The court stated that to establish a prima facie case of a hostile work environment based on sex or race, a plaintiff must show that: 1) she is a member of a protected class, 2) she was subjected to unwelcome sexual or racial harassment, 3) the harassment was based on her sex or race, 4) the harassment was severe or pervasive, and 5) the employer is vicariously liable. UPS for arguments sake conceded many of the above points, expect they said that Ms. Pusey could not show she was harassed based on her sex or race. And the Court agreed, that Ms. Pusey failed to show that but for the fact that she is Caucasian and/or a woman, Mr.
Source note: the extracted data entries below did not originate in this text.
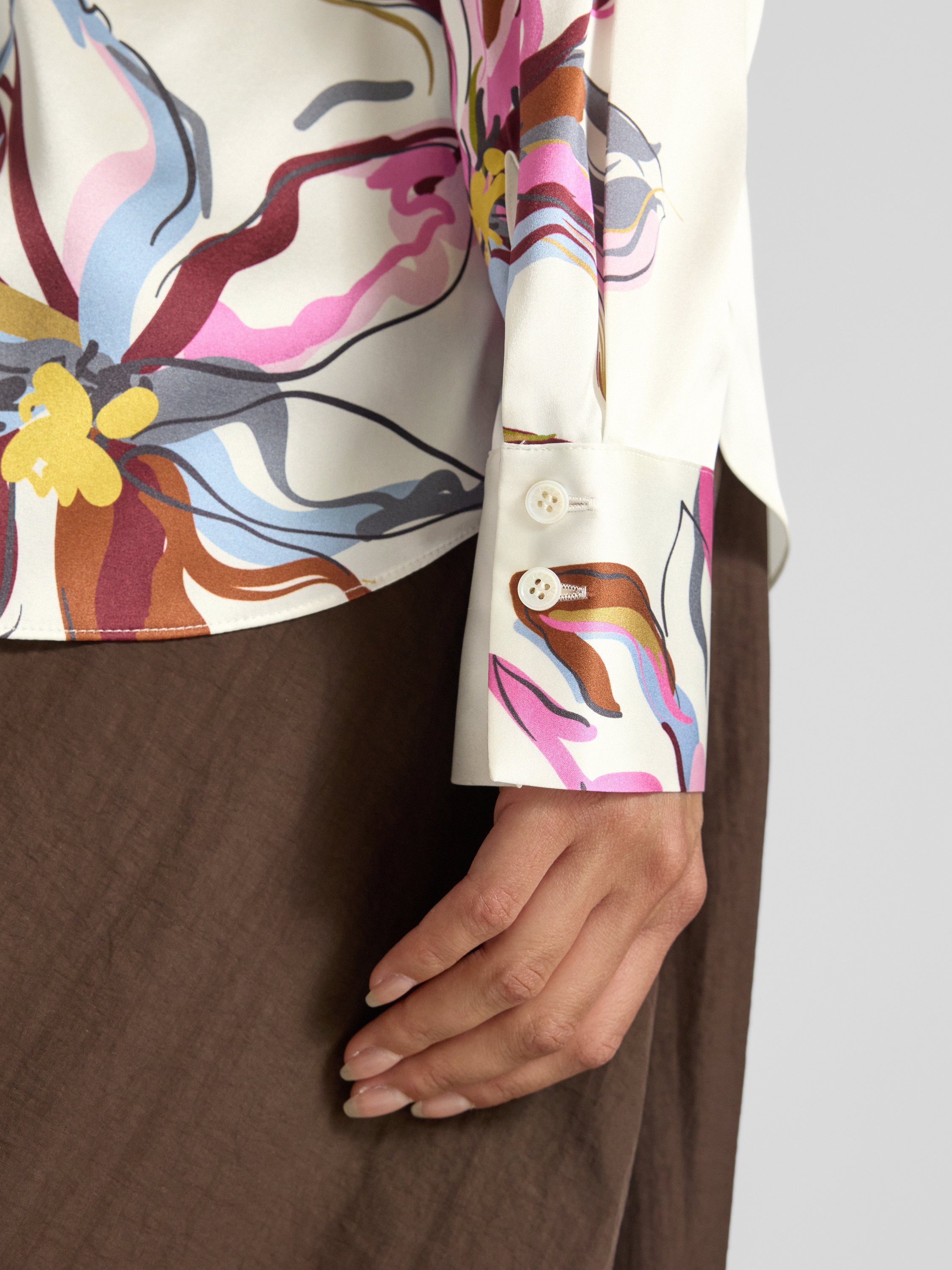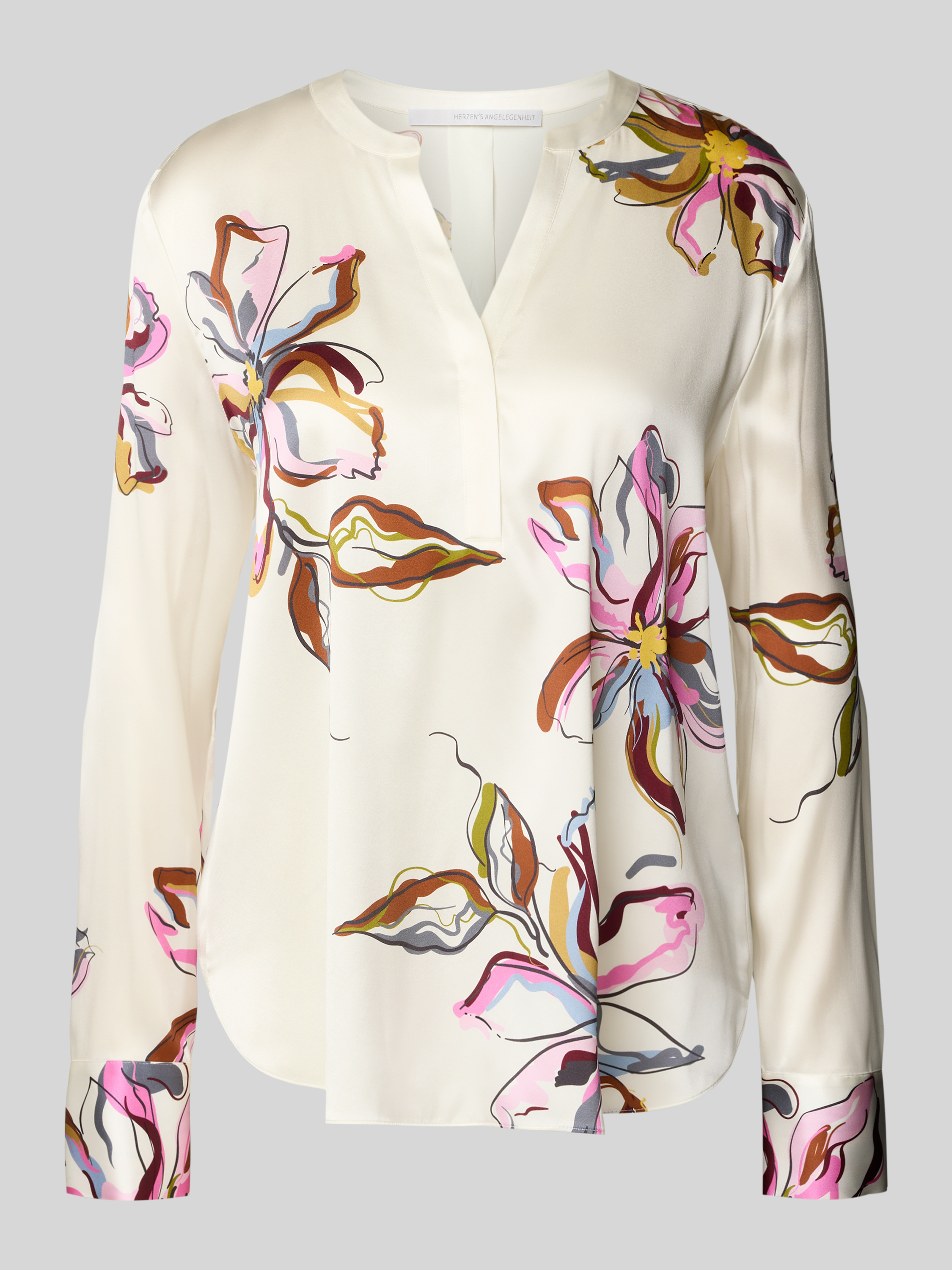 HerzensangelegenheitRegular Fit Seidenbluse mit Tunikakragen in offwhite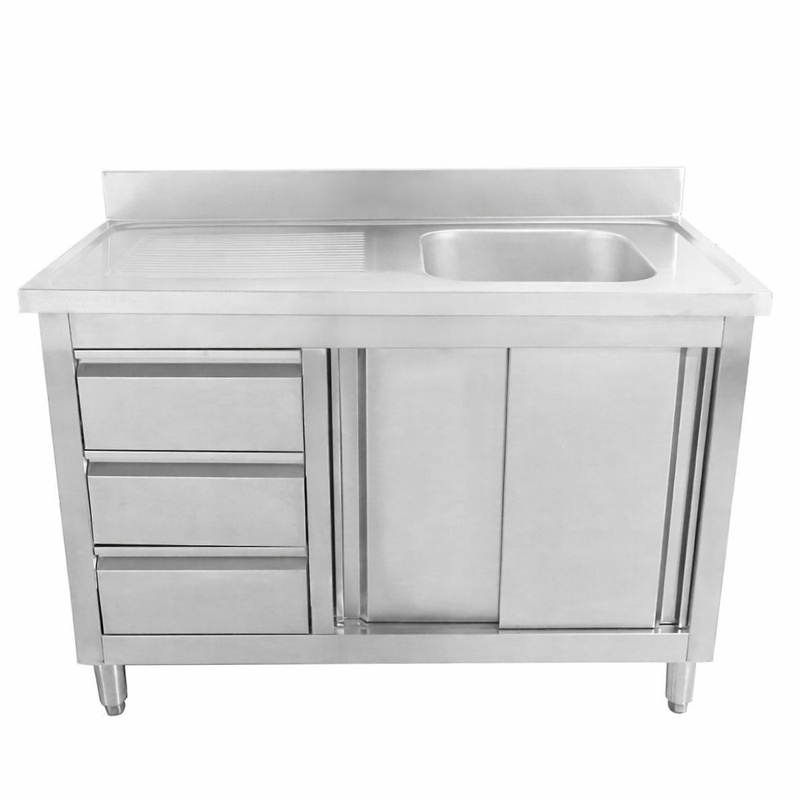 Idéale pour les professionnels de la restauration, cette Plonge à 1 Bac comprend un dosseret et une étagère inférieure. Le dessus est en acier inoxydable 304 avec une épaisseur de 1,2 mm et les pieds sont en acier inoxydable AISI 430. Elle mesure 750 mm de long, 600 mm de profondeur et 900 mm de hauteur. Les dimensions de l'évier sont de 450 mm de longueur, 610 mm de profondeur et 250 mm de hauteur.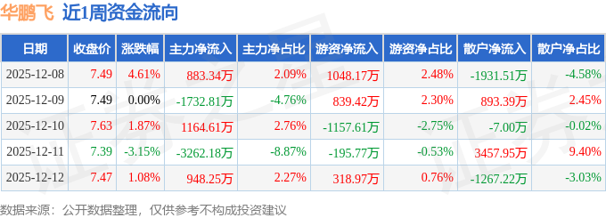 资金流向数据方面,本周华鹏飞主力资金合计净流出1998.8万元,游资资金合计净流入853.19万元,散户资金合计净流入1145.61万元。本周资金流向一览见下表: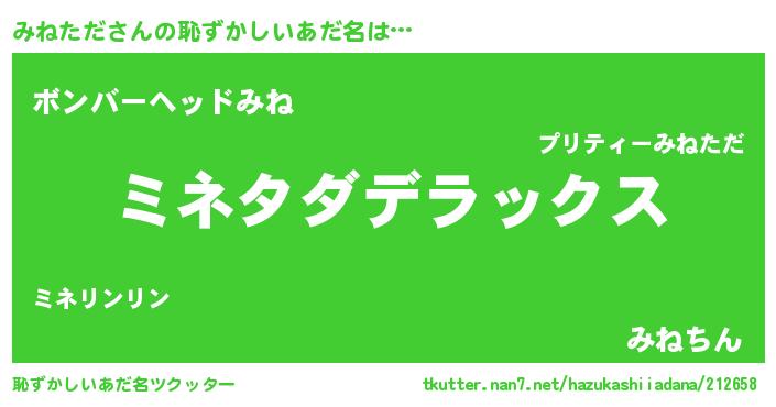 | 意味不明あだ名 | 『自称みねただ』『永久保存みねただ』 |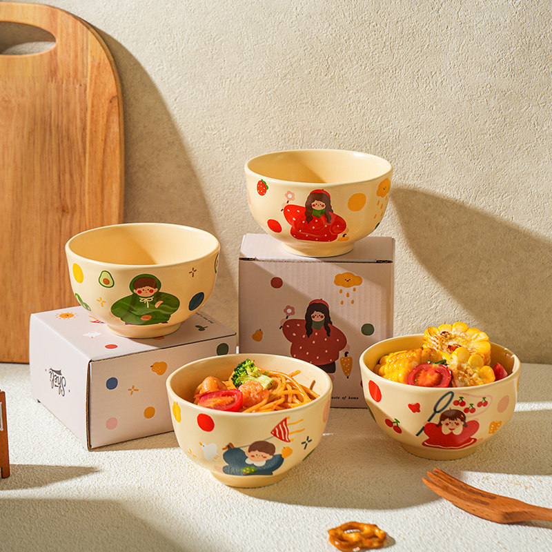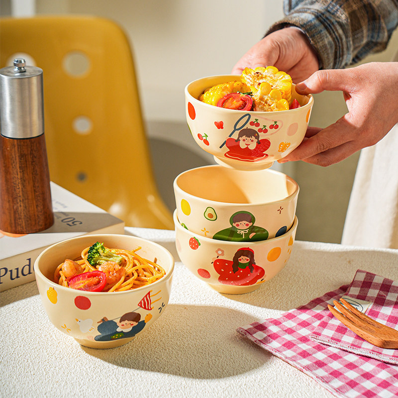 陶瓷餐具日式创意祝福水果碗碗家用吃饭专用小碗精致可爱饭碗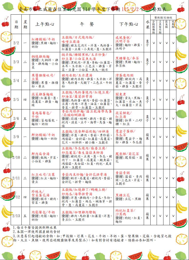 114學年下學期1150202-0213餐點表 食在健康 親愛的家長你(妳)好:園所公告的餐點表為暫定預告版,如想知道當日園所菜單,可上食材登錄平台,搜尋{臺南市佳里區臺南私立威爾森佳里幼兒園},謝謝!! 2026-01-29 李怡蒨 Read more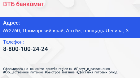 ВТБ, банкомат по адресу 692760, Приморский край, Артём, площадь Ленина, 3 в дальнейшем Организация, размещена в следующих категориях:
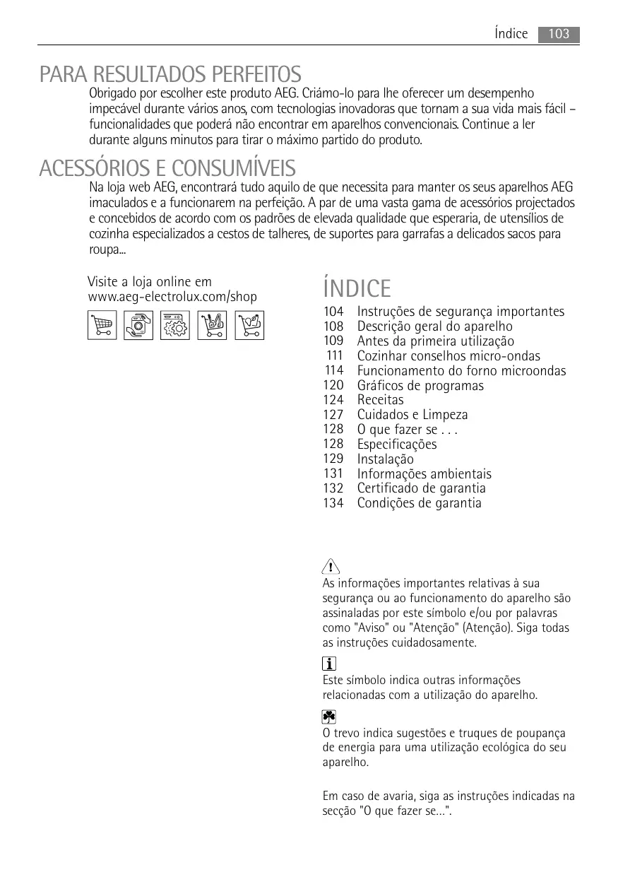Instruções de segurança importantes Descrição geral do aparelho Antes da primeira utilização Cozinhar conselhos micro-ondas Funcionamento do forno microondas Gráficos de programas Receitas Cuidados e Limpeza O que fazer se . . . Especificações Instalação Informações ambientais Certificado de garantia Condições de garantia As informações importantes relativas à sua segurança ou ao funcionamento do aparelho são assinaladas por este símbolo e/ou por palavras como "Aviso" ou "Atenção" (Atenção). Siga todas as instruções cuidadosamente. Este símbolo indica outras informações relacionadas com a utilização do aparelho. O trevo indica sugestões e truques de poupança de energia para uma utilização ecológica do seu aparelho. Em caso de avaria, siga as instruções indicadas na secção "O que fazer se…".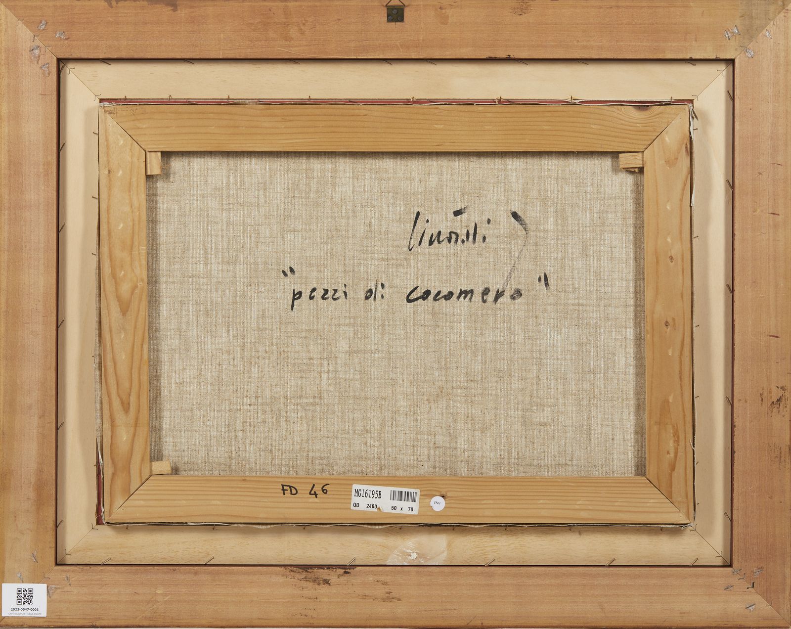 Firma in basso a destra. Al retro titolo e firma. Autentica dell'artista su fotografia. Certificato di provenienza Telemarket, Brescia.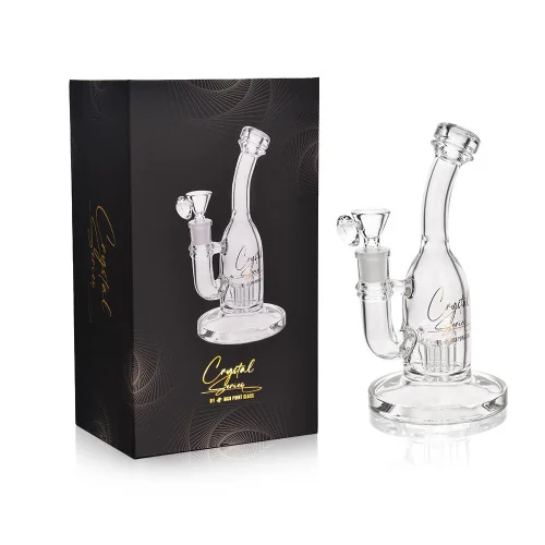 The Crystal Series by High Point Glass - 8" Mini Bottle High Quality Tree Perc Water Pipe - with 14M Bowl & 4mm Banger is a premium smoking accessory. Suggested retail price $100.00. Perfect for retail display and consistent seller. Available at wholesale pricing from Port City Wholesale.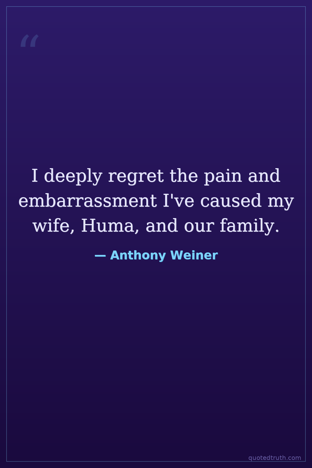 I deeply regret the pain and embarrassment I've caused my wife, Huma, and our family.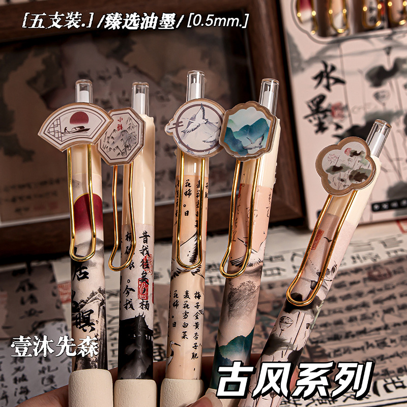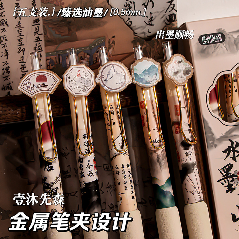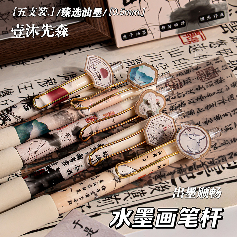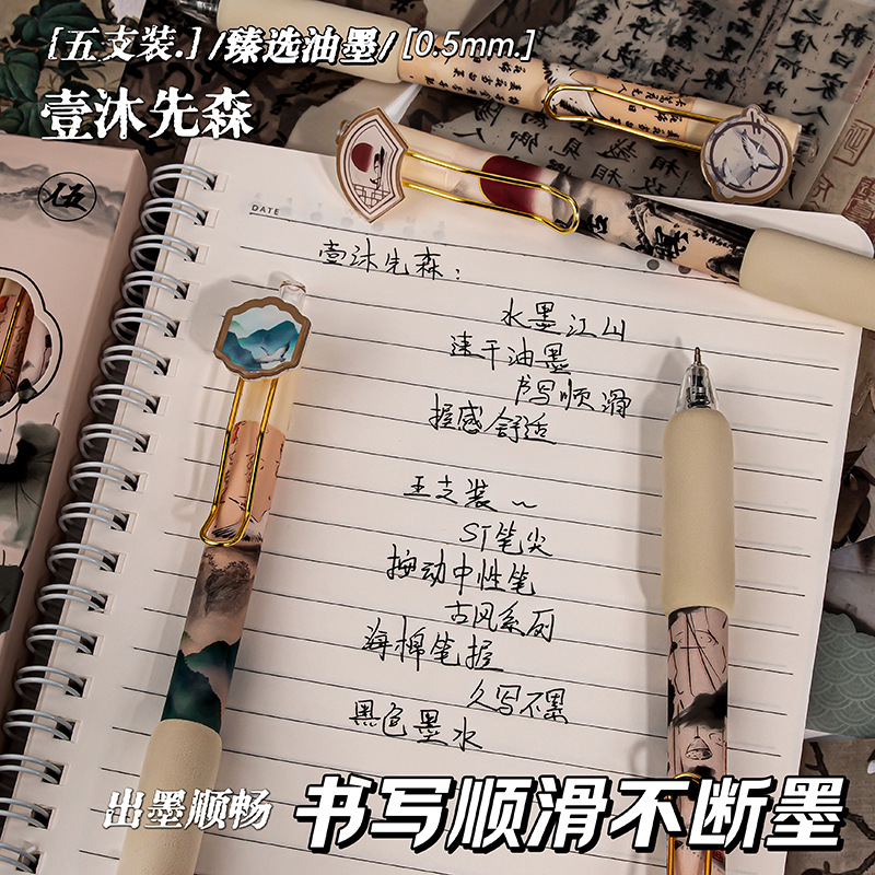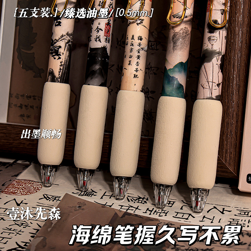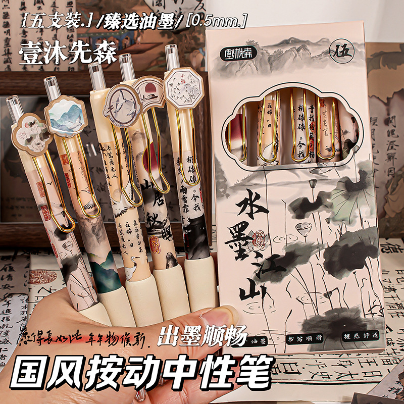 水墨江山按动中性笔软握高颜值国风学生0.5黑色速干按动笔刷题笔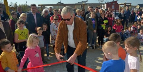 Bürgermeister Klaus-Werner Jablonski konnte zudem die Erzieherinnen, viele Eltern und natürlich die Kinder, die die neue Kita mit Leben füllen, bei strahlendem Sonnenschein begrüßen.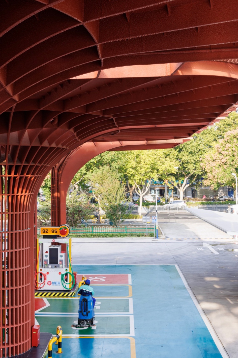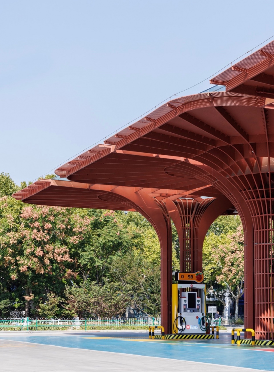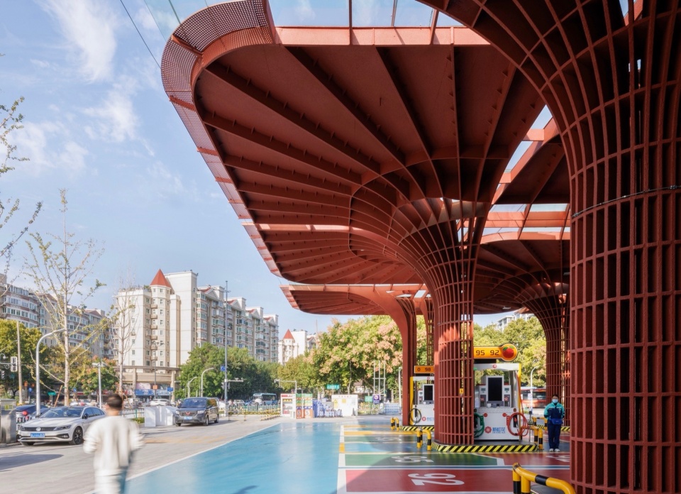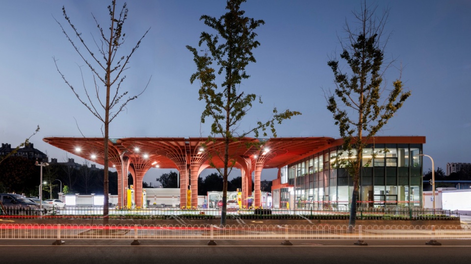 加油站设计以建筑设计为抓手 ,整合了功能 、形态 、文化 、城市性等多种要素和信息 ,让基础设施转变成为高品质城市驿站 ,让简练隽永的几何红花绽放在红花盛开的地方。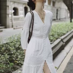 | nameOriginal | Gentle Heavy Industry Ethnic Style White V-Neck Dress |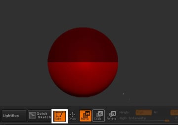Now select "Zsphere" from the "Tool" menu and draw a new Zsphere onto the canvas. Then click on the 'Edit' button. This zsphere is going to work as the pelvis for our character.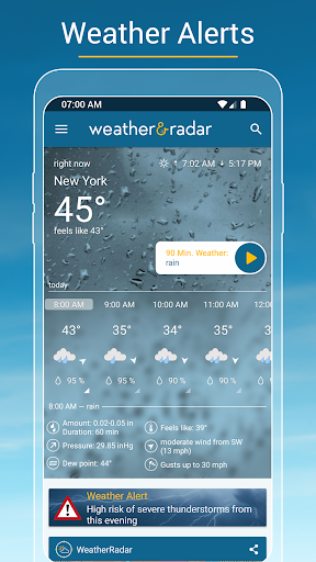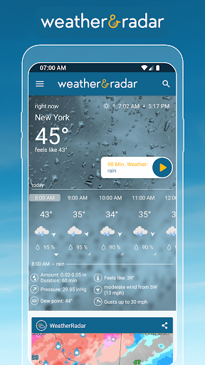 Weather & Radar - Storm radar is a weather app that is frequently changing and updating. The latest version of Weather & Radar - Storm radar, version 2022.23, was launched on 04 28, 2023. This version requires Android 6.0 or above to run and the file size is 44.2 MB. The oldest version that we can offer was published on 04 28, 2023.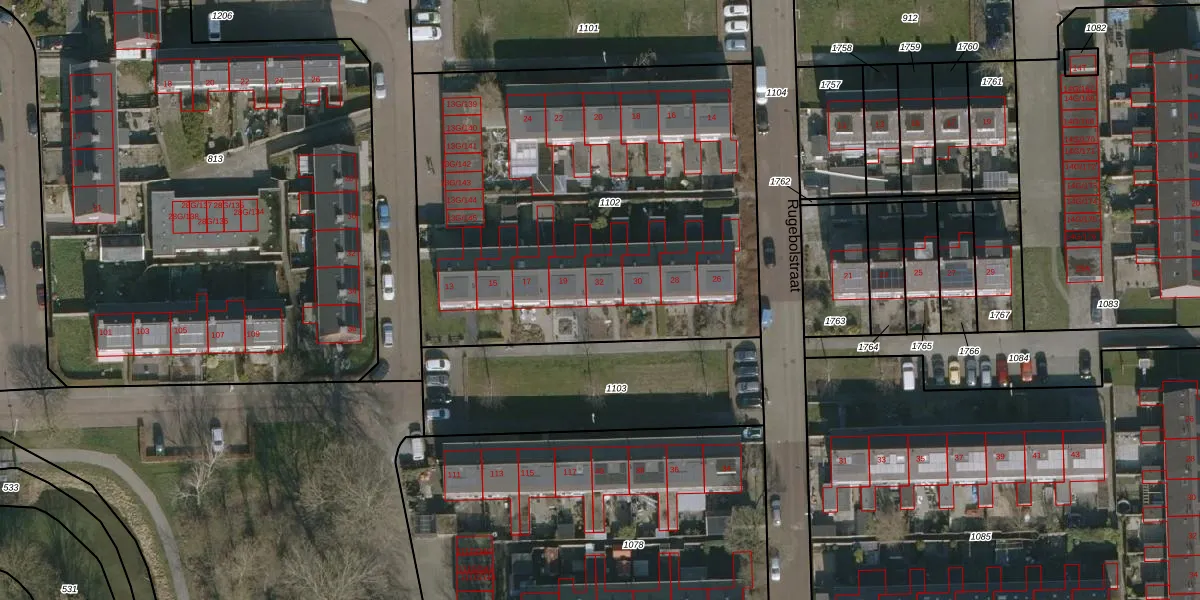 Het perceel waarop Rugebolstraat 32 staat heeft een oppervlakte van 2578 m². Dit is een zeer groot perceel. De perceeloppervlakte wordt geregistreerd door het Kadaster. Gedetailleerde informatie over de maten van dit perceel kunt u vinden in het rapport Kadastrale kaart met maatvoering van Rugebolstraat 32.

Carter would not have harassed her. By Ms. Pusey’s own admission, none of the comments made were sexual in nature and the elbowing of her breast was not in a sexual nature. Further Ms. Pusey admits that Mr. Carter never made overtly sexist remarks or threats to her. The Court held that ‘a trier of fact cannot infer that harassment emanated from an anti-woman bias merely because a man directed that harassment toward a woman.’ There was no evidence that Mr. Carter’s actions towards Ms. Pusey were nothing more than personal. And there is no evidence that any of the harassment toward Ms. Pusey were because of a bias towards Caucasian people. (See Pusey v. UPS, Inc., 2009 WL 1542714 (W.D. Ky.))
Thus, this case illustrates how one may think they are being harassed by a co-worker and how that harassment feels like discrimination, but under the law it may not be. That it may be no more than one co-worker hating another co-worker and in this case, there was nothing illegal about it.
If you have been involved in a sexual harassment hostile work environment case that you would like to find out the answers to, please call and speak to sexual harassment lawyer Andrew S. Alitowski at 888-ASK-ANDREW (275-2637). We are available 24 hours a day, 7 days a week.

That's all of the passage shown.